What brats! I am tired and hungry and the restaurant is crowded and loud. The kids sitting closest to me are loud and rude, flipping straws at each other and whining about getting hit by straws. They bug the waitress for a refill every time she passes by and then complain that it takes too long and doesn’t taste right. Brats.
What makes it worse is that the brats are at my table because, sigh, these bratty teens are my children.
Abraham Lincoln is reputed to have said that, by 40, you have the face you deserve. As much as I hate to admit it, I likely have the brats, er, children I deserve.
Instead of continuing to feel my blood pressure rise, I make peace with the facts as they stand today and, instead of reacting, I decide to simply observe.
We, as a family, lived under an oppressive rule for a good long time. The break up (break out) could have been handled more gracefully. What came next was a bloody war and a long period of suffering as we began to build an identity and claim our places in the world.
Part of that process involved — required maybe — developing an attitude.
Insecurities, I’ve found, are sometimes prettier when shellacked by a healthy coat of bravado.
As we began to find our way, we became arrogant. Had to. If we weren’t worth saving, what was the point of all the trouble?

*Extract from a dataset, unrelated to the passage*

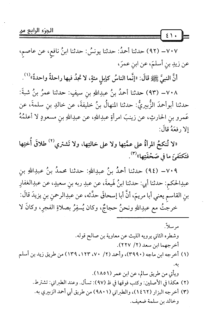 707- (92) حدثنا أحمدُ: حدثنا يونسُ: حدثنا ابنُ نافعٍ، عن عاصمٍ، عن زيدِ بنِ أسلمَ، عن ابنِ عمرَ،
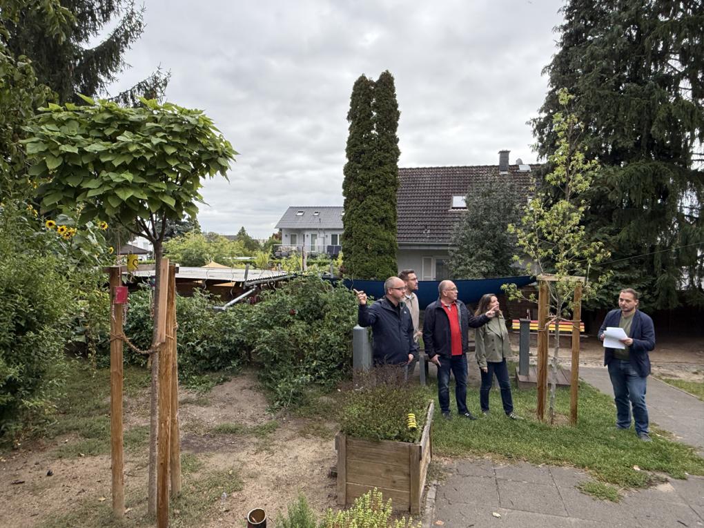 Der Erste Beigeordnete des Landkreises war in Mainz-Bingen unterwegs und besichtigte gemeinsam mit Hilmar Holland und Nadja Kaufmann vom Umwelt- und Energieberatungszentrum (UEBZ) des Kreises einige Projekte zur Klimaanapassung. Mit rund 300.000 Euro fördert der Landkreis im Programm „Bäume und Schatten statt Beton und Hitze“ solche Projekte in knapp 70 Schulen und Kindertagesstätten des Landkreises. Das Geld stammt aus dem „Kommunalen Investitionsprogramm Klimaschutz und Innovation“ (KipKi) des Landes Rheinland-Pfalz. Mainz-Bingen stehen hier insgesamt 3,1 Millionen Euro zur Verfügung.

We have come out of the war and are rebuilding. Our independence was won through struggle and strife, but we were sustained through it all by our firm ideology — an unwavering belief that what we are is pretty freaking awesome.
Once we had gained our independence, we almost destroyed what we had won through fighting among ourselves.
There is a ceasefire now but sometimes shots still ring out.
Abraham Lincoln himself couldn’t put us back together completely, but we do manage to coexist and are, at the end of the day, in this together.
Having said that, I pity the fool who threatens us as a group. We will fight to the death for each other when threatened.
An unexpected thing can happen when young ones have had to struggle to be free.
Once the smoke clears and the dust settles, there is a sort-of sunburn from the spotlight. It’s hard to just be men among men. To not hold a mistaken belief that you are somehow more special than others when, in fact, you are not.
Just a young country in a crowded and loud world.
In a world increasingly tired and increasingly hungry and increasingly less patient with brats.
Just some young kids in a crowded and loud restaurant, being brats. Too loud and obnoxious. Throwing things and wasting food and demanding more than their share.
Kids who have been allowed to bluster and boss because of what they’ve been through and because, sure, they are pretty freaking awesome.
Just some young kids who need to sit up straight and put their napkins in their laps and grow-up-already and behave!
There is a temptation to yell at them or yank them out of there and send the to bed with no dinner.
After a good while of watching them act out, I make a quiet decision to instead just not invite them to the table for a while.
Until they grow up a bit.
And stop being brats.
My kids and my country, brats all around. Still, loved.